One way to rebuild confidence among distributed teams is to consciously set aside time to celebrate achievements and give feedback, even if employees are working remotely. Don’t wait for an annual review to connect with team members. Instead, carve out time to verbalise your feedback in person, where possible, to reduce the chance of misinterpretation.

It’s also important to build a culture of transparency and admit when mistakes are made in your company, so employees can see senior leaders show vulnerability and accountability. That way, teams learn how to deal with difficult situations by example. This counteracts imposter syndrome by showing that 24/7 perfection is not expected while empowering employees to show up authentically, ask for help and collaborate with confidence.

Tackling the confidence crisis is also a key concern in terms of retaining talent. If an employee is feeling isolated and undervalued, then they’ll start looking for opportunities elsewhere. Asana’s recent research shows that, across the globe, just 15pc feel completely heard by their organisation, while seven in 10 (71pc) of workers report experiencing burnout at least once in 2020.

The intense pressures and dramatic changes of the pandemic have given people a chance to reflect on their personal priorities and goals. If companies don’t do something to invest in the health and development of their employees, they’ll watch their talent walk out the door.

One way to address potential talent loss is by making employee goal-tracking a central part of your business. With a single source of truth for setting, tracking and managing company goals, every team member can see how their work contributes to company goals, why certain work is being prioritised, and what impact that work has on the achievement of their company’s mission.

This level of clarity empowers teams, providing individuals across every level with clarity on the company’s priorities at any given time and understanding of how their team efforts feed into company-wide accomplishments. Teams that can see that their hard work has value and is appreciated will be able to be more confident in their work.

Leaders also need to look at how they can mitigate the variety of social forces that fuel imposter syndrome. If businesses are serious about tackling imposter syndrome, they have to practise inclusion. By building an inclusive work culture that empowers individuals to be real about the things that are impacting how they show up to work and establishing a community where people can share and support others through shared experiences.
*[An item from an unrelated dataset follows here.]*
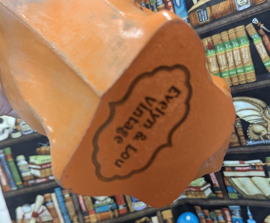 Vintage Halloween inspired Standing Cat by Evelyn Lou Vintage. Classic detailed design made from durable 3D printed thermoplastic material that is strong and stores well. Painted and hand finished for an old and worn style. Includes vellum paper face insert and flickering tea light candle. Stands 8" tall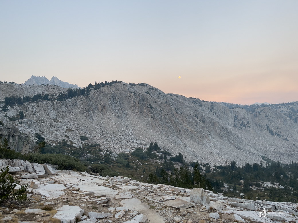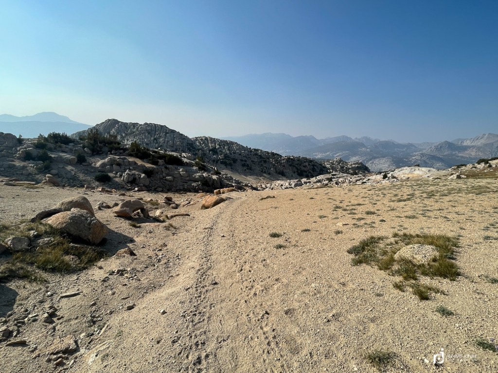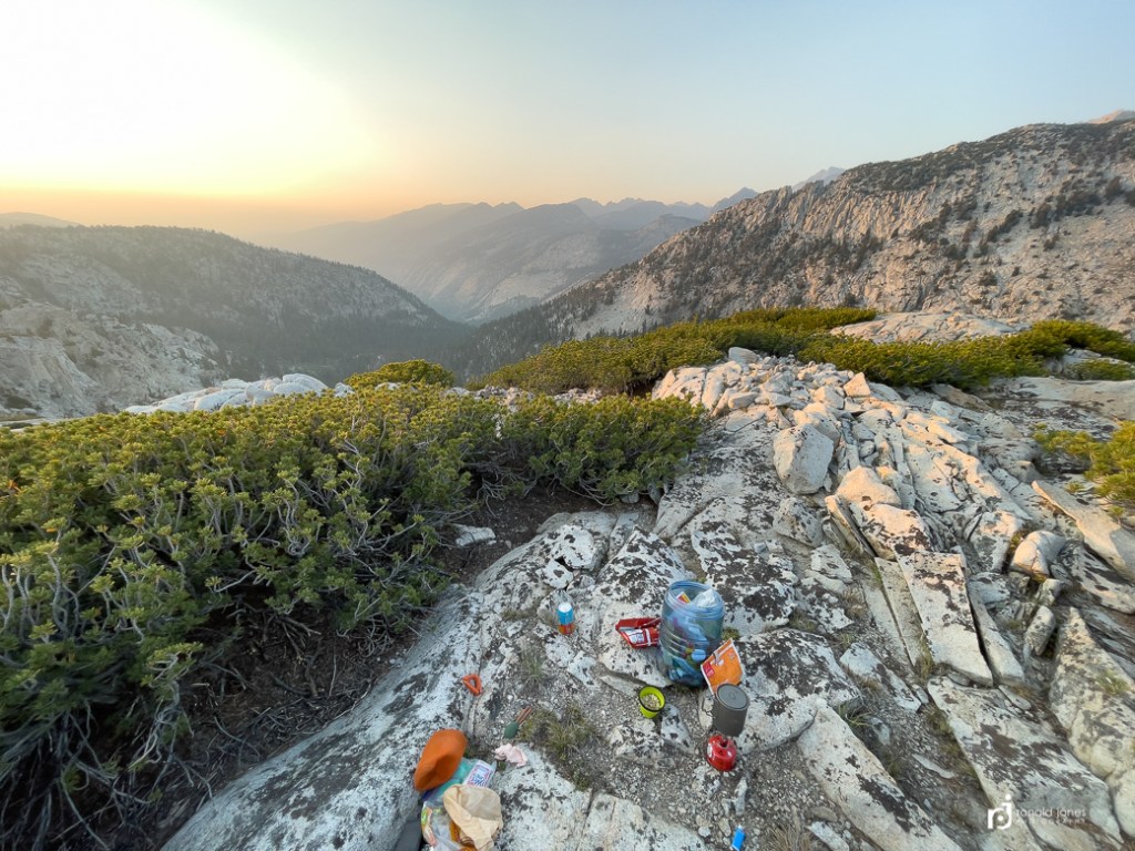 The hike to the summit was pretty straight forward. I passed a few people heading up. And met some coming down. At some point I had been asked again how far I was going. I had mentioned probably to the lake just this side of the pass. The person said there were no lakes on this side, they were on the other side. OK, thanks, again, not believing him. As it turns out, I had been looking at guthook on my phone and keyed in on Goodale Pass Junction. All the while, thinking it was the pass. When in fact, the pass itself was not marked. I had paper maps, but rarely looked at them. Had I been paying attention to contour lines and actually reading things, I would have noticed. I finally hit the last steep part and not long after, I was on the pass. But the pass itself was not marked. No summit sign. Then over and down I went. I then saw the lakes. There was smokey haze in the distance. I got water at one of the lakes and made the decision to camp high near the junction. The terrain was looking promising for camp. I grabbed 3-½ liters and packed it about ½ mile up, only to find a small pond. Ugh! Oh well. I went off trail a bit and found a nice secluded and protected spot above treeline. I set up camp and found a high spot for making dinner. It was after 7:00PM by the time I was making dinner. I finished up just before dark and got to the tent, and it was lights out.

This creates an environment where everyone feels confident and accepted, allowing people to do their best work and thrive.

Confidence can be personally developed but it’s a business leader’s job to nurture it in their workforce. Imposter syndrome and self-doubt are affecting the vast majority of employees and, left unchecked, it hurts individuals, teams and companies as a whole. As companies navigate their way out of one crisis, they have an opportunity – and a business imperative – to avoid accepting another.

By Simon O’Kane

Simon O’Kane is the head of EMEA at Asana, a work management platform to help teams organise and track their work.